Diazo is your problem. Get a poly based emulsion and there is nothing to mix and the shelf life is at least a year from manufacture date. My now almost empty bucket of Saati PHU is over two years old, and it still works.


----------



## Twisted Grafix (Oct 5, 2016)

Yeah, like NoXid said, photopolymer is the way to go. They last a year or so.


----------



## KevinD (Jan 5, 2018)

Photopolymer emulsion requires no activator. It has a much longer shelf life. Usually a higher solids percentage and a much faster exposure time. Not recommended for Solvent based inks.


----------



## ejnrby (Oct 20, 2014)

If you're using waterbased inks, most pure photopolymer emulsions aren't going to work for you as they are not water resistant. Something like Chromaline Chromatech WR will work though.


----------



## KevinD (Jan 5, 2018)

ejnrby is correct. I should have stated that plastisol inks only for photopolymers.


----------



## NoXid (Apr 4, 2011)

ejnrby said:


> If you're using waterbased inks, most pure photopolymer emulsions aren't going to work for you as they are not water resistant. Something like Chromaline Chromatech WR will work though.

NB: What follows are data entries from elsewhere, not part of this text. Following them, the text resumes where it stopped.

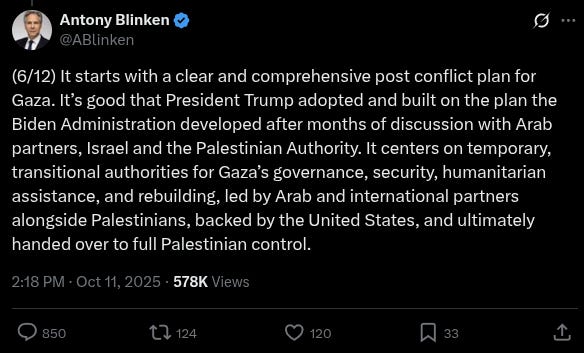 “It starts with a clear and comprehensive post conflict plan for Gaza. It’s good that President Trump adopted and built on the plan the Biden Administration developed after months of discussion with Arab partners, Israel and the Palestinian Authority. It centers on temporary, transitional authorities for Gaza’s governance, security, humanitarian assistance, and rebuilding, led by Arab and international partners alongside Palestinians, backed by the United States, and ultimately handed over to full Palestinian control,” Blinken said on X.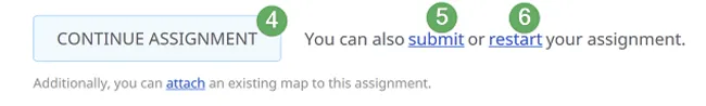 - Los estudiantes pueden reiniciar la asignación en cualquier momento, pero el trabajo previo se perderá con una notificación (6).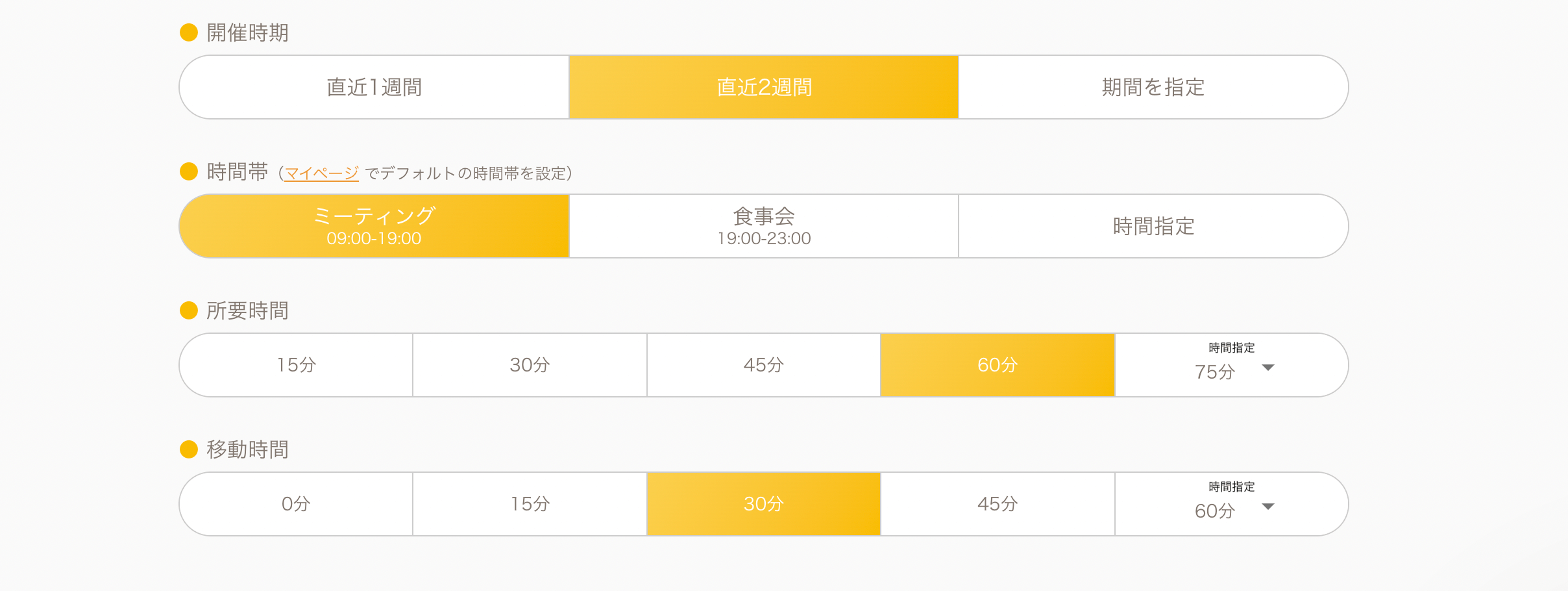 さらに選択画面下部の[開催時期][時間帯][所要時間][移動時間]を調整して、空き時間を抽出する条件を絞ります。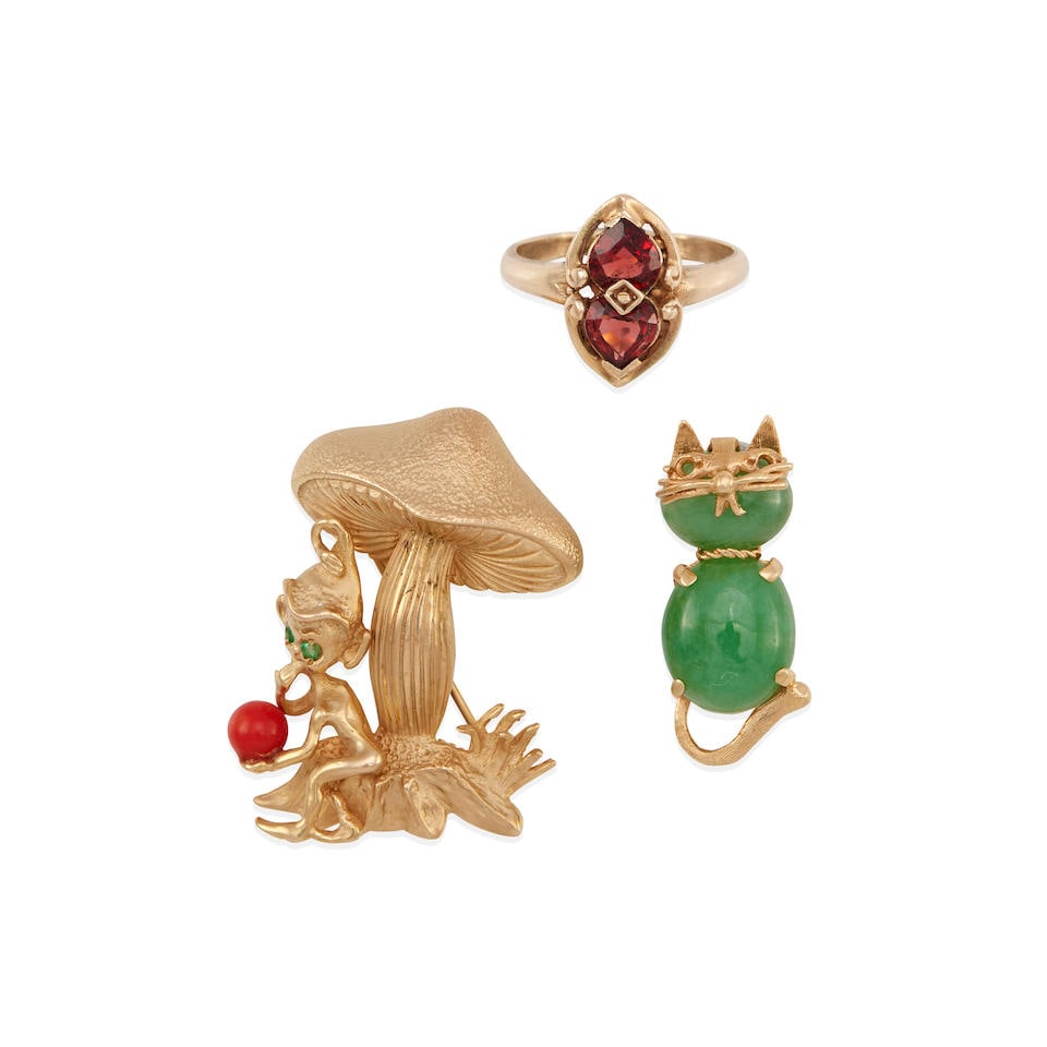 TWO GEM-SET BROOCHES AND ONE RING

I only print WB and I only use Saati PHU photopolymer. I'm not sure which polys work with WB, but some do, and without need using a dual cure.


----------



## kong7014 (Jan 30, 2014)

Buy the gallon, cut in half in a spare container, store unmixed portion in a dark, cool and dry location.


----------



## Sulp (Dec 7, 2010)

KevinD said:


> Photopolymer emulsion requires no activator. It has a much longer shelf life. Usually a higher solids percentage and a much faster exposure time. Not recommended for Solvent based inks.

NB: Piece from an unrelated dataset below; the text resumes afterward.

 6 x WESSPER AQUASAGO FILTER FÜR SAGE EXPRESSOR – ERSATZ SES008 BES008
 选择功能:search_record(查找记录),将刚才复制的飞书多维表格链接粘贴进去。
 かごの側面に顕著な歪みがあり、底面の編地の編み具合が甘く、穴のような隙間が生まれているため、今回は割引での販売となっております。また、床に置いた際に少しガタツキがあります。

This isn't true anymore. I use a pure photopolymer with no additive and it is made for WB & discharge...And plastisol. Murakami T9. Its excellent emulsion and as long as you put the lid back on and seal it, it can sit on the shelf for a long time. It's very strong. I've printed 1000pc + runs of straight discharge and I never had breakdown. But after they are burnt and dried I usually throw them back in my Starlite and re-expose for 20 secs or so. Works beautifully. 

Definitely look into a pure photopolmer designed for WB. they are out there. I just happen to love the Murakami T9. Call them up and get some samples.


----------



## Printor (Apr 16, 2015)

ejnrby said:


> If you're using waterbased inks, most pure photopolymer emulsions aren't going to work for you as they are not water resistant. Something like Chromaline Chromatech WR will work though.


I've been using mostly plastisol but Chromaline Chromatech WR is my favorite emulsion latly. I have ran over 1,000 pcs with water based discharge with no issues (post exposed) the WR is suppose to have a shelf life of 2 years, but I go through a gallon in 4 months(@ the longest) so I don't know if that's true.


----------